__DATA__
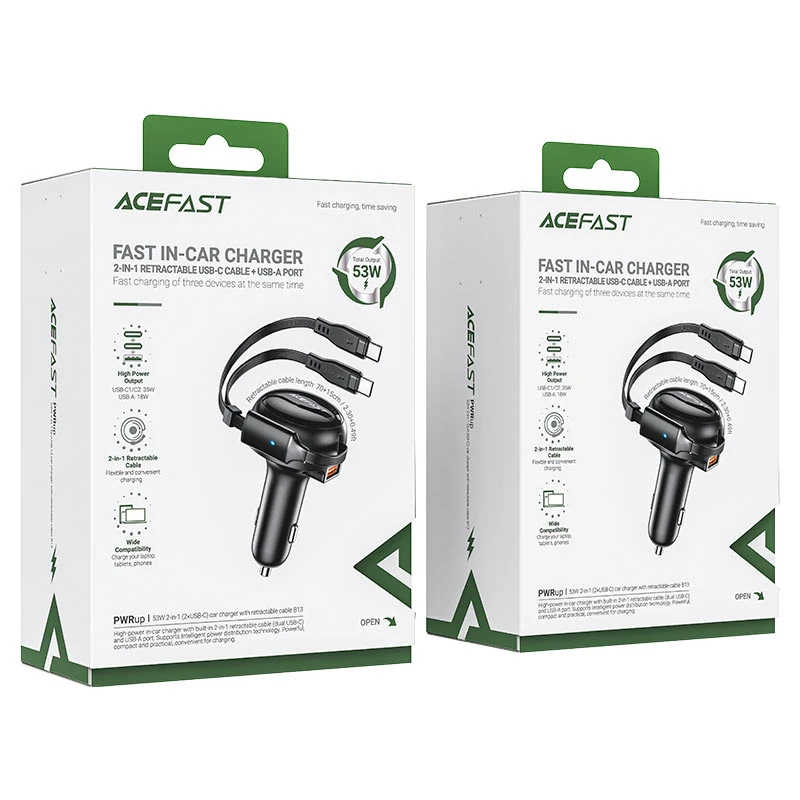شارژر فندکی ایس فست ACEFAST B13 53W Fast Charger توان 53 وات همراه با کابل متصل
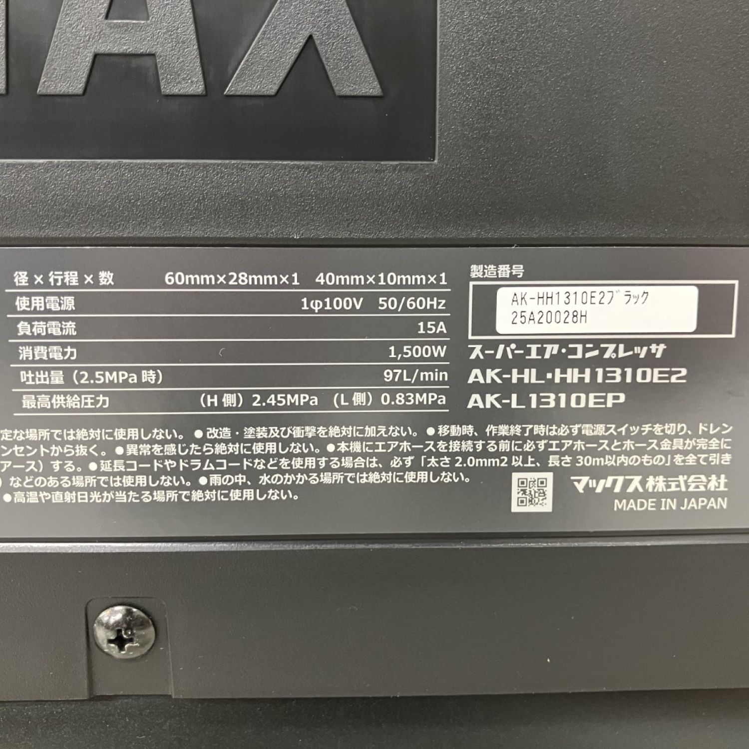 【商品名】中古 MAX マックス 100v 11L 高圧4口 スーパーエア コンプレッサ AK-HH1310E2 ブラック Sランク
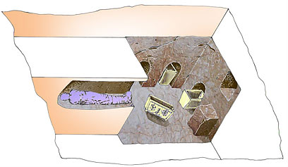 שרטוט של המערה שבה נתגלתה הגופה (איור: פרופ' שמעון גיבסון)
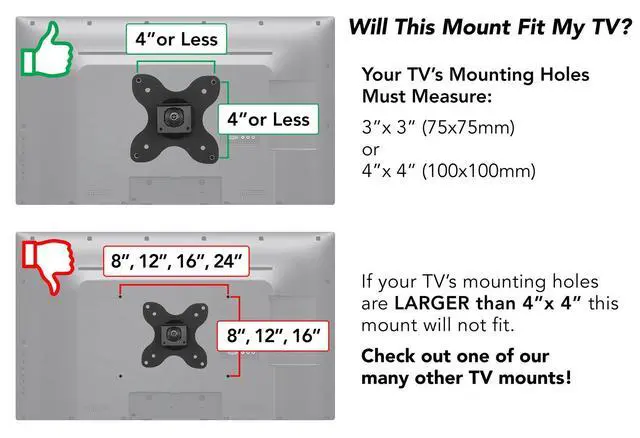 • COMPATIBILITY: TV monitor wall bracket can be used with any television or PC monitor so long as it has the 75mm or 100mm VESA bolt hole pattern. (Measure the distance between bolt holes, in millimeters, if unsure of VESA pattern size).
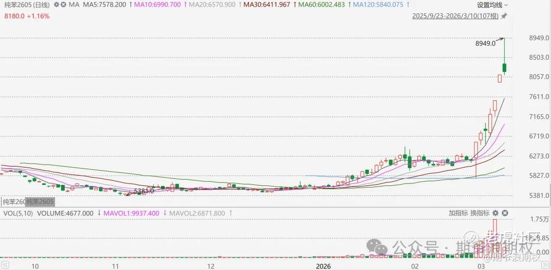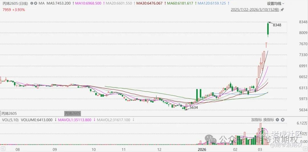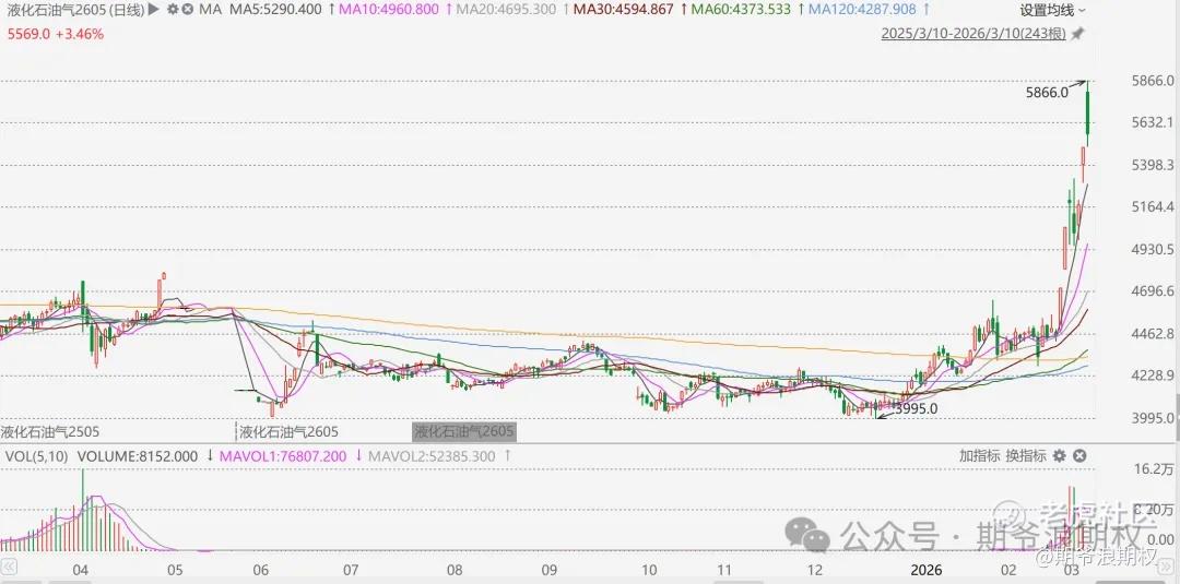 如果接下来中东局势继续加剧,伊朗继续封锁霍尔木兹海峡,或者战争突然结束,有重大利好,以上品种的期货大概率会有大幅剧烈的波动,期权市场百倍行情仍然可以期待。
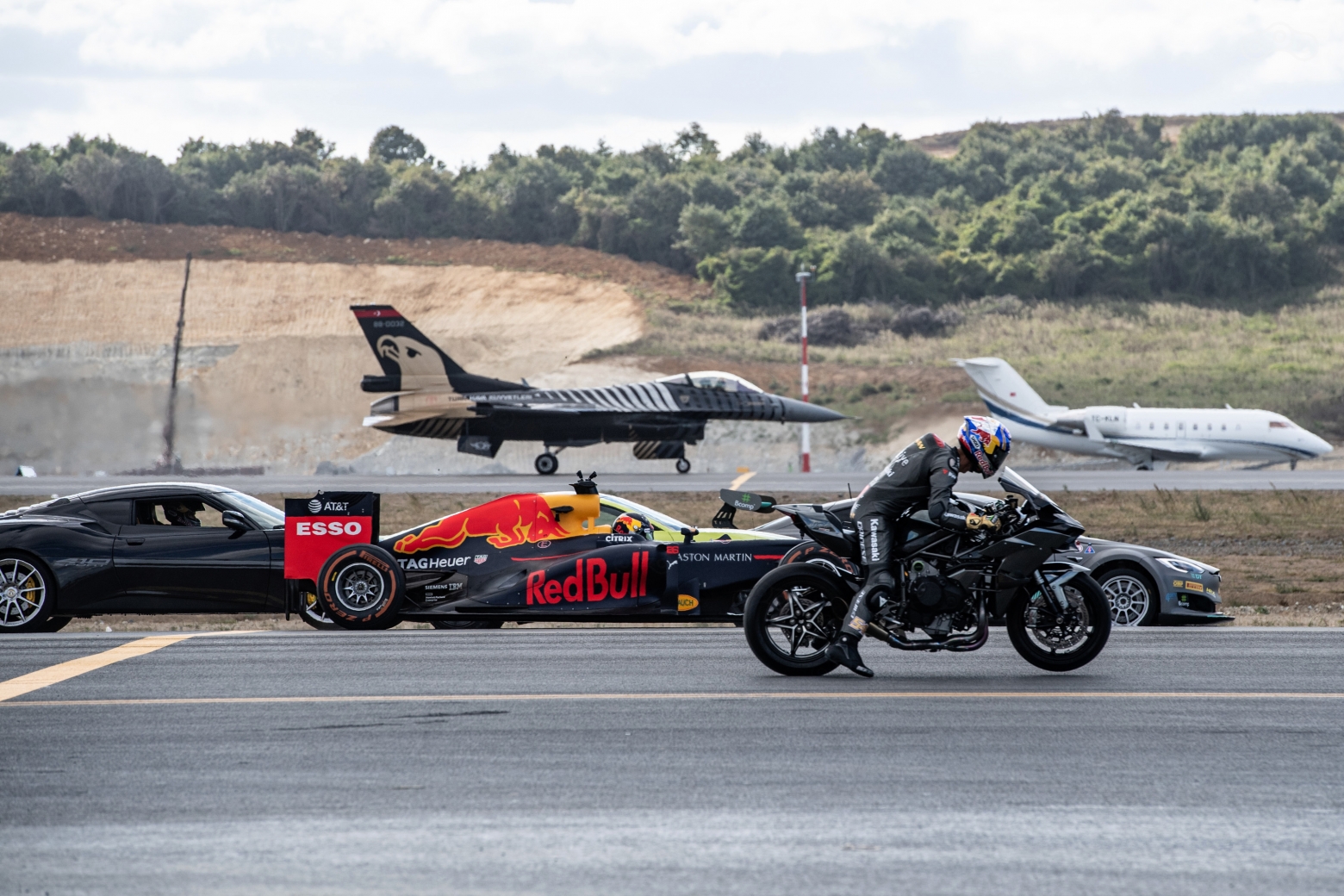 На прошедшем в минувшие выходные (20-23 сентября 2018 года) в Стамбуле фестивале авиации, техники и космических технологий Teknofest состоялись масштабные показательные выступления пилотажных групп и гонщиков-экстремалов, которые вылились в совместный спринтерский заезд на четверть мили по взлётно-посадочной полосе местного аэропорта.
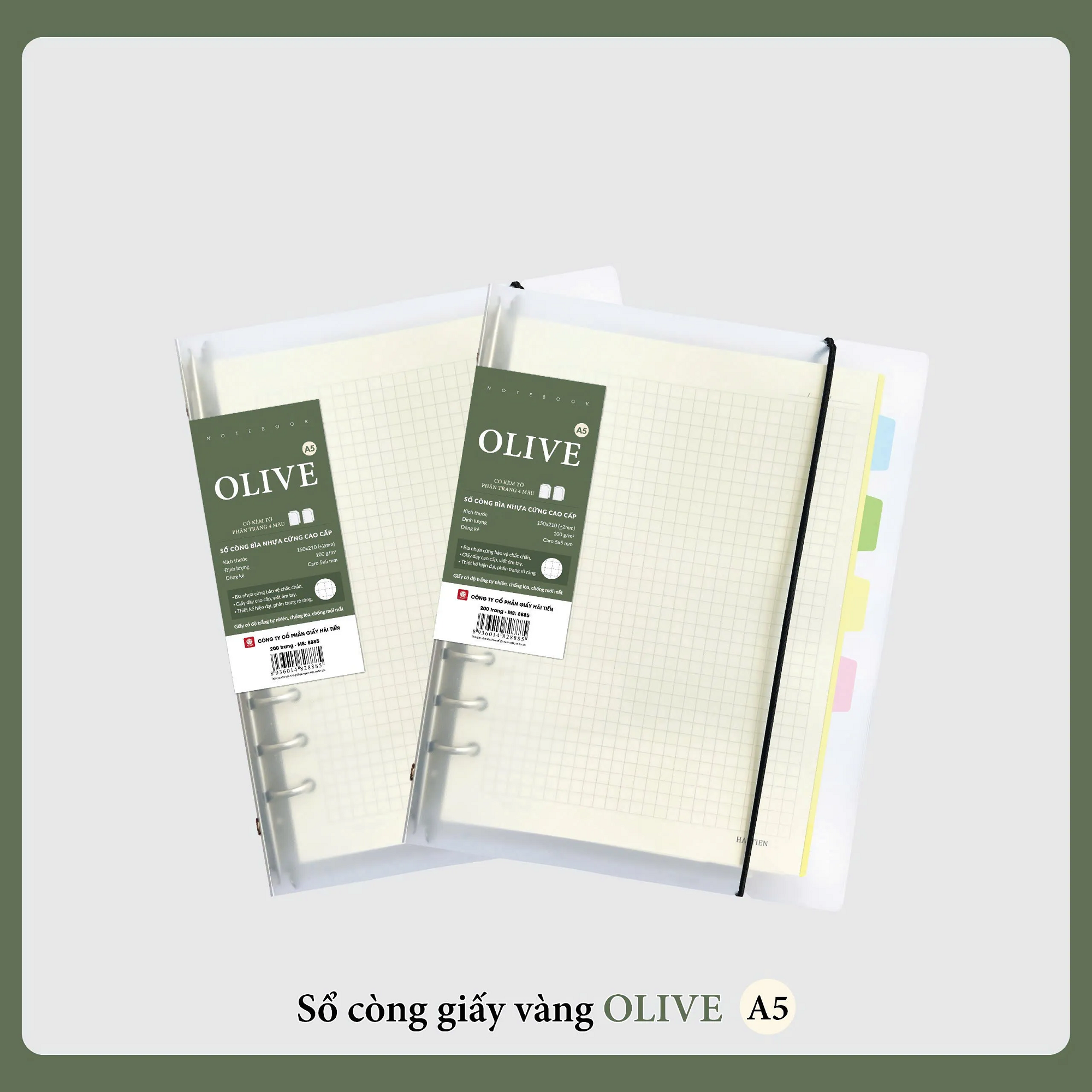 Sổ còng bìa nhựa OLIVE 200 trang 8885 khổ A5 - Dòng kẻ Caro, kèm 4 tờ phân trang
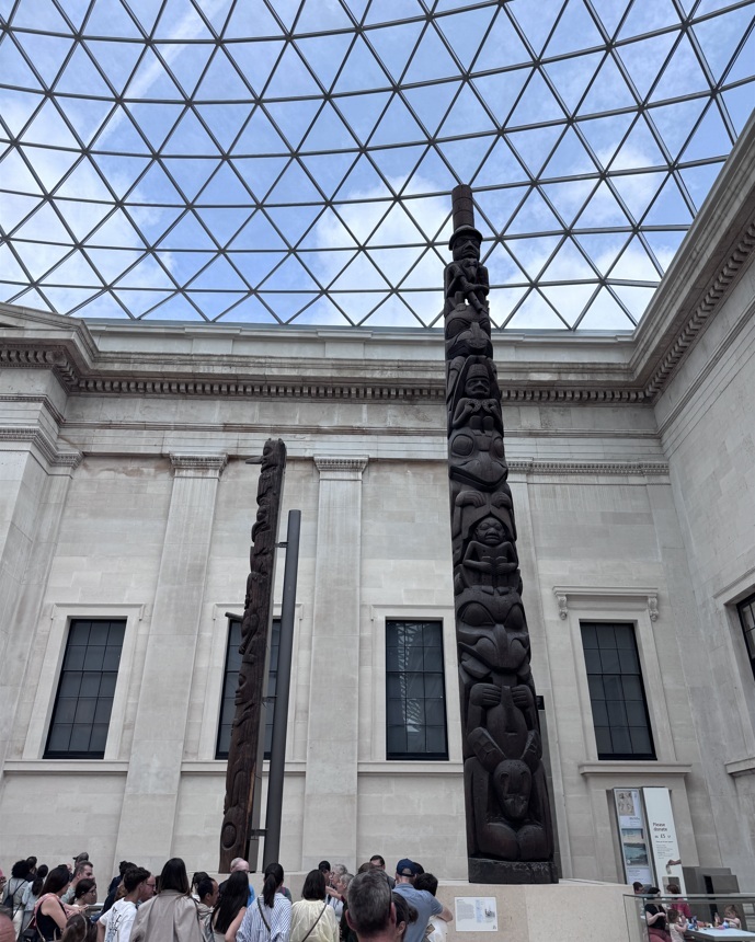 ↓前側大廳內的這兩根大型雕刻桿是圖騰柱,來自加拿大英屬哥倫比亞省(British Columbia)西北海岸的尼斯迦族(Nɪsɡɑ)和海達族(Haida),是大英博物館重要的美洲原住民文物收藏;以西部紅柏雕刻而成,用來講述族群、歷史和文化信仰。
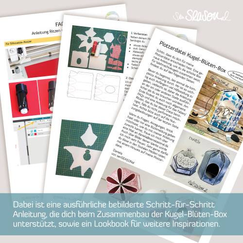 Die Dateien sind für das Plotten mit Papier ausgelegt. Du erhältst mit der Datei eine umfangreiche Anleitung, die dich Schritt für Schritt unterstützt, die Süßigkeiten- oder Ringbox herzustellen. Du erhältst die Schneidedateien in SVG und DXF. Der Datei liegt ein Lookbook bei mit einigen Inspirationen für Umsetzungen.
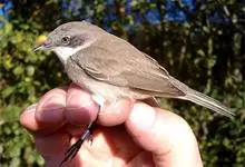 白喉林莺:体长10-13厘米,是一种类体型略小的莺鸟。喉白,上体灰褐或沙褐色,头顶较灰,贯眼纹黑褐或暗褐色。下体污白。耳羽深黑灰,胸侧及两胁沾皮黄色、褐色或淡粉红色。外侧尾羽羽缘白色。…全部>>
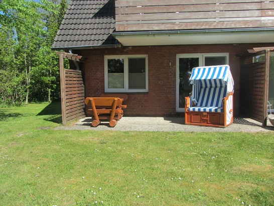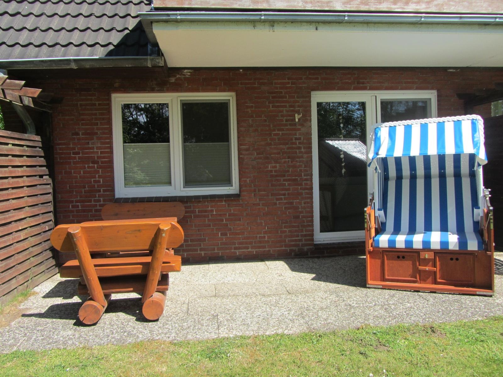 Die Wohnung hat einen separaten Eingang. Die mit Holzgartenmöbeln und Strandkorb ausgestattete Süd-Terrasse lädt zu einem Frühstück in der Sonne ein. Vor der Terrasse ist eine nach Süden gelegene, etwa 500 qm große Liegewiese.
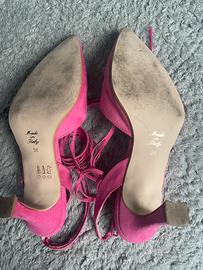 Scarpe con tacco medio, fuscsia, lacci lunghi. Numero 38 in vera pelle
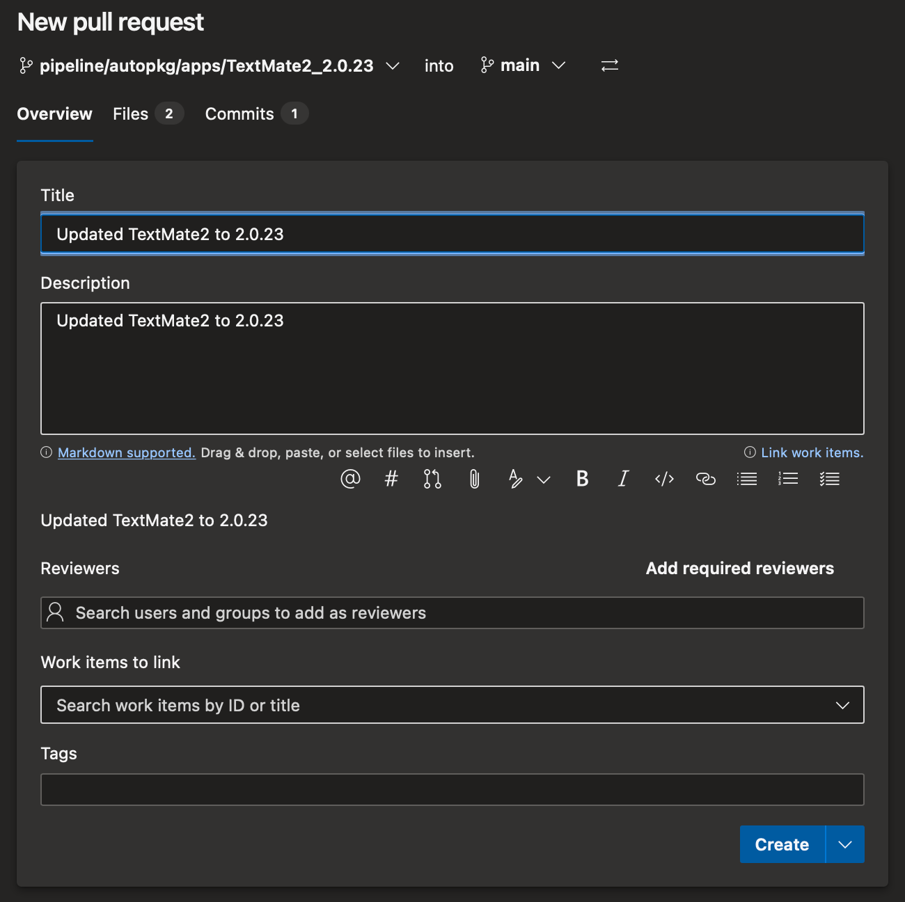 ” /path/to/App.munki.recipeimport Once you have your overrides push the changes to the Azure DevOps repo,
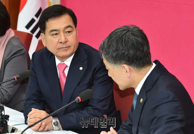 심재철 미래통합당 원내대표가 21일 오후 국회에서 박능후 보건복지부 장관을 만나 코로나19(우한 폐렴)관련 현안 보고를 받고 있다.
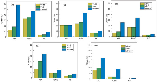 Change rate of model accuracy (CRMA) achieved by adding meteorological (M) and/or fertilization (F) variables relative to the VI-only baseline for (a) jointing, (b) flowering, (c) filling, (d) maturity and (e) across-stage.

__INSTRUCTIONS TO FOLLOW__
Your task is to repeat the opening line of the entries above and each line after it, ending with the line that has "如果接下来中东局势继续加剧,伊朗继续封锁". Do not include the pictures.

__EXERCISE RESPONSE__
شارژر فندکی ایس فست ACEFAST B13 53W Fast Charger توان 53 وات همراه با کابل متصل
 【商品名】中古 MAX マックス 100v 11L 高圧4口 スーパーエア コンプレッサ AK-HH1310E2 ブラック Sランク
 שרטוט של המערה שבה נתגלתה הגופה (איור: פרופ' שמעון גיבסון)
 • COMPATIBILITY: TV monitor wall bracket can be used with any television or PC monitor so long as it has the 75mm or 100mm VESA bolt hole pattern. (Measure the distance between bolt holes, in millimeters, if unsure of VESA pattern size).
 如果接下来中东局势继续加剧,伊朗继续封锁霍尔木兹海峡,或者战争突然结束,有重大利好,以上品种的期货大概率会有大幅剧烈的波动,期权市场百倍行情仍然可以期待。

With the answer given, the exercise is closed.